Une mauvaise hydratation sur un corps en plein effort, qui fournit donc beaucoup de chaleur, va faire augmenter la température du corps. Le rendement musculaire est faible, puisqu’il y a 25% d’énergie utilisée pour 75% transformée en chaleur. Le corps, qui doit rester à 37°, dans ce cas précis, peut aller jusqu’à 41 à 42°. Cette surchauffe sera d’autant plus rapide ou plus intense que la température extérieure sera élevée, chargée d’humidité et l’effort important; Le corps ne supportant pas cette hausse de température, c’est le coup de chaleur.

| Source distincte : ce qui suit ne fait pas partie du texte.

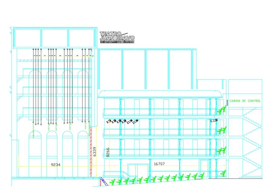 - Seguimiento del espectáculo por T.V. en escenario, hall (entrada de público), cabina de control y camerinos.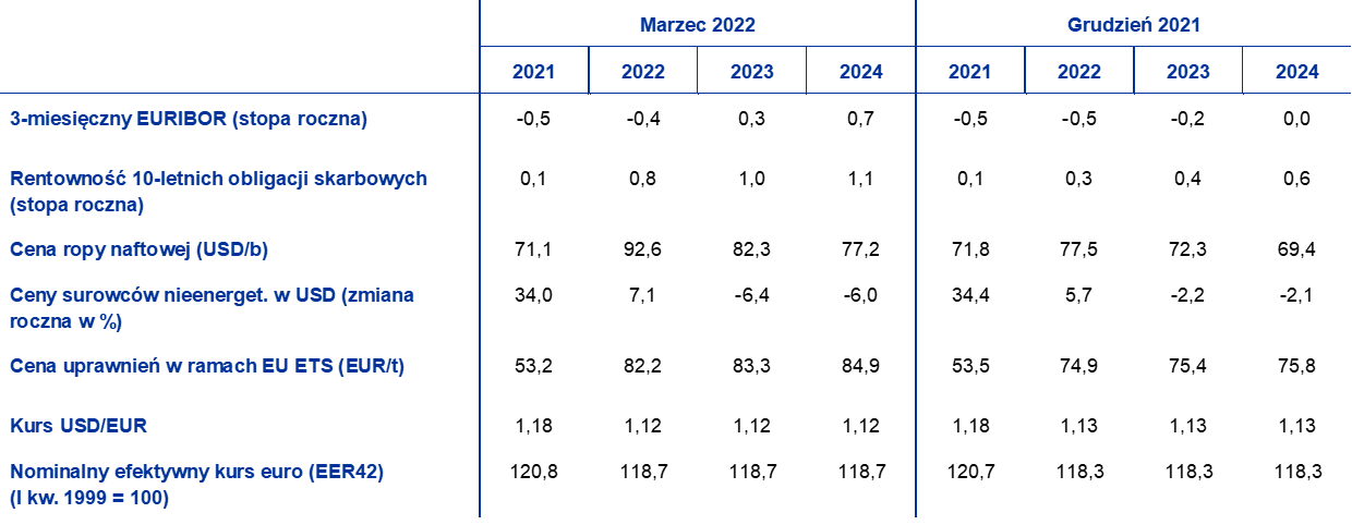 W porównaniu z projekcjami z grudnia 2021 założenia techniczne obejmują znacznie wyższe ceny ropy i innych nośników energii oraz wyższe stopy procentowe. Podstawą założeń technicznych dotyczących stóp procentowych i cen surowców są oczekiwania rynkowe; jako datę graniczną przyjęto 28 lutego 2022[3]. Stopy krótkoterminowe opierają się na 3‑miesięcznej stawce EURIBOR, a oczekiwania rynkowe są wyprowadzane ze stawek kontraktów terminowych. Z tej metody wynika średni poziom krótkoterminowych stóp procentowych równy ‑0,4% w 2022, 0,3% w 2023 i 0,7% w 2024. Nominalna średnioroczna rentowność 10‑letnich obligacji skarbowych dla strefy euro wynikająca z oczekiwań rynkowych w 2022 wynosi 0,8%, po czym w horyzoncie projekcji stopniowo wzrasta i w 2024 osiąga 1,1%[4]. W porównaniu z projekcjami z grudnia 2021 oczekiwania rynkowe dotyczące krótkoterminowych stóp procentowych zrewidowano w górę o ok. 10 pkt bazowych na 2022, 50 pkt bazowych na 2023 i 70 pkt bazowych na 2024, ze względu na oczekiwane zacieśnianie polityki pieniężnej na całym świecie pod wpływem utrzymującego się nadspodziewanie wysokiego wzrostu inflacji. To doprowadziło także do rewizji w górę rentowności długoterminowych obligacji skarbowych o ok. 50−60 pkt bazowych w horyzoncie projekcji.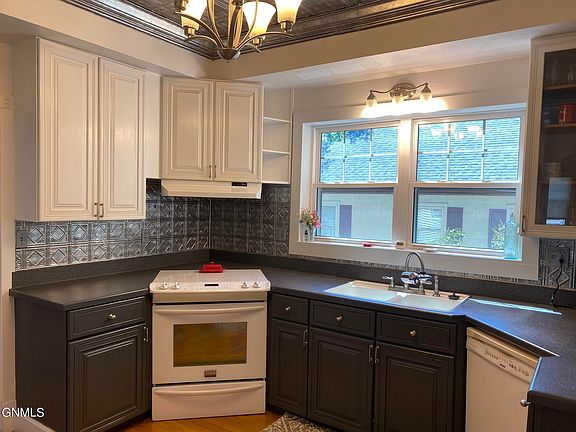 A must see! Charming, updated two-story home centrally located in the heart of Bismarck welcomes you and is move-in ready! Beautiful kitchen with convection oven and an abundance of cabinetry, tin-tiled backsplash and tin-tiled ceiling with crown molding adds to its beauty. Easy access from kitchen to deck. Dining room has tin-tiled ceiling and French doors leading to large deck for entertaining. The openness of the main floor has beautiful arches connecting the living room, dining room, and reading nook. Main floor also features an office with a built-in wraparound desk. Reading nook has a large window to let in an array of light as you enjoy your next bestseller. Large family room with newer vinyl plank flooring and recessed dimmer lighting. Primary bedroom features built-in dressers and covered balcony. Full bath has newer granite countertops and clawfoot tub. Lower level has a third bedroom, three-quarter bath, large family room with newer vinyl plank flooring, and built-in entertainment center. Room to grow with an unfinished fourth bedroom. Nice size storage room in lower level. Exterior features include fully fenced yard, shed, parking for multiple cars, and large deck. This home is move-in ready! Call your Realtor today for a private showing.

La définition du dictionnaire médical de Garnier et Delamarre est la suivante : coup de chaleur : nom donné à un ensemble de blessures de courses souvent mortels causés tant par l’irradiation solaire tantot par une chaleur excessive. Il se manifeste par une céphalée intense, de la tendance au sommeil, l’arrêt des sécrétions, des vomissements, des hallucinations, du délire et de la perte de connaissance. L’évolution varie de quelques minutes à un ou deux jours. (source)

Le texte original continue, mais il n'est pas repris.